It was announced this spring that a recession began in February just as the coronavirus crisis was beginning to take down communities. But according to some economists, recovery from that recession has been slowed.
Bloomberg News reported Monday that unemployment numbers combined with high-frequency indicators of economic activity revealed things aren't going well.
"Payrolls remain 13 million below pre-pandemic levels and the number of people out of work for 15 weeks or longer more than doubled from the prior month, to 8 million," said the report. "The labor-force participation rate fell for the first time in three months and the number of people discouraged by job prospects hit a five-year high."
“There’s definitely a lot of work to be done in getting the economy back to where it used to be,” said JPMorgan Chase chief U.S. economist Michael Feroli.

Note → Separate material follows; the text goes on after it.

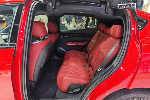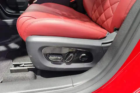 座椅方面,配真皮座椅,触感及乘坐感不错。前排座椅支持电动调节,主驾座椅带按摩功能。另外,副驾驶座椅被称为“女王座椅“,支持零重力模式,可实现143度躺平,第二排座椅靠背角度也能调节,能为乘客带来舒适的体验。

“When we look at where we go from here, we’re past that mechanical bounceback,” said senior economist at Wells Fargo Sarah House. “Now you have to justify, from a cost perspective, bringing back new workers. And for that you need revenue to increase” and economic activity to improve, she said.
“This slowing trend in the economic recovery is deeply concerning,” said senior economist Daniel Zhao, who works at the jobs website Glassdoor. “The risk is that will spill over to businesses and the rest of the economy, as well as households.”
Over the weekend, President Donald Trump attempted to manufacture a recovery with a series of executive orders that experts speculate won't actually help with anything other than the president's headlines.
Trump’s order to provide more stimulus “doesn’t change the overriding fact that the public health crisis will determine the trajectory of the economy,” Zhao told Bloomberg.
The report closed by warning that the longer it takes for the economy to recover, the worse it will be for the the jobs market and for wages.